Genus of austriadraconid pterosaur from the Late Triassic

Seazzadactylus is a basal pterosaur genus that lived during the late Triassic (Norian stage, about 219-214 million years ago) in the area of present-day Italy.

==Discovery and naming==
In 1997, amateur paleontologist Umberto Venier discovered the skeleton of a pterosaur in a boulder laying in the bed of the Seazza brook, just before it joins the Tagliamento river, near Preone in the Dolomites. Venier brought the find to the Museo Friulano di Storia Naturale at Udine. After partial preparation paleontologist Fabio Marco Dalla Vecchia announced the discovery in the scientific literature in 2000. In 2003, Dalla Vecchia referred the specimen to Eudimorphodon.
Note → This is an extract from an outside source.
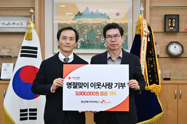 ▲ 영남에너지서비스(주) 이명헌 대표(왼쪽)가 김광열 영덕군수를 만나 성품을 전달하고 있다. 영덕군 제공 영남에너지서비스(주) 경영지원실장 이명헌 외 임직원들이 지난 23일 설 명절을 맞아 지역의 취약계층을 지원하기 위해 300만 원 상당의 라면 210박스를 영덕군에 기탁했다. 포항시에서 연료용 가스를 제조하고 공급하는 영남에너지서비스는 지난 추석 명절에도 어려운 이웃을 돕기 위해 영덕군에 식료품을 기부하는 등 지속적으로 지역사회와의 상생을 위한 다양한 활동을 펼쳐왔다. 영덕군은 기탁받은 식료품은 영덕복지재단을 통해 관내 어려운 이웃들에게 전달할 계획이다. 박기순 기자 rltns1120@hanmail.net 다른기사 보기 저작권자 © 대경일보 무단전재 및 재배포 금지 당신만 안 본 뉴스 李대통령 “성과는 충분”… 재계 “국내 투자 확대하겠다” 신천지자원봉사단 대구지부, 대명역·관문시장 환경정화활동 실시 [부서탐방] 지역발전 대동맥...사통 팔달 교통망 확충 앞장 ‘구미시 도로 철도과’ 튀르키예서 독일인 일가족 숨져… 길거리 음식인가, 호텔 오염인가 [단독] 수능 끝났는데도 1시간가량 ‘대기’… 포항 두호고 수험생들 불만 ‘AI 버블’ 경계·美 금리 불확실성… 코스피 4000선 무너졌다 유재춘 이사장, 국회에 새마을금고 규제 완화 건의 李대통령 “성과는 충분”… 재계 “국내 투자 확대하겠다” 댓글삭제 삭제한 댓글은 다시 복구할 수 없습니다. 그래도 삭제하시겠습니까? 비밀번호 닫기 기사 댓글 0 댓글 접기 로그인 후 이용 가능합니다. 댓글 내용입력 비회원 로그인 이름 비밀번호 댓글 내용입력 댓글쓰기 계정을 선택하시면 로그인·계정인증을 통해 댓글을 남기실 수 있습니다. 회원 로그인 비회원 글쓰기 이름 비밀번호 자동등록방지 로그인 옵션 창닫기 주요기사 [이철우 칼럼] 행복을 유예하지 마라 [역사탐방] 일본서 꽃 피운 조선의 음식문화 해병특검, 공수처장·차장 기소··· 국회 위증 사건 방치 혐의 [속보] '6000만원 수수 혐의' 노웅래 전 의원 1심 무죄 與, 대미투자특별법 발의··· 美 관세 11월1일 소급 적용 與, 퇴직 대법관 수임 제한·법원행정처 폐지 추진… 법원 “사법권 침해” 반발

In 2009 however, further preparation made him conclude that it was a species new to science, not identical to either Eudimorphodon or Carniadactylus.

In 2019, Dalla Vecchia named and described the type species Seazzadactylus venieri. The generic name combines that of the Seazza with the Greek daktylos, 'finger'. The specific name honours Venier as discoverer.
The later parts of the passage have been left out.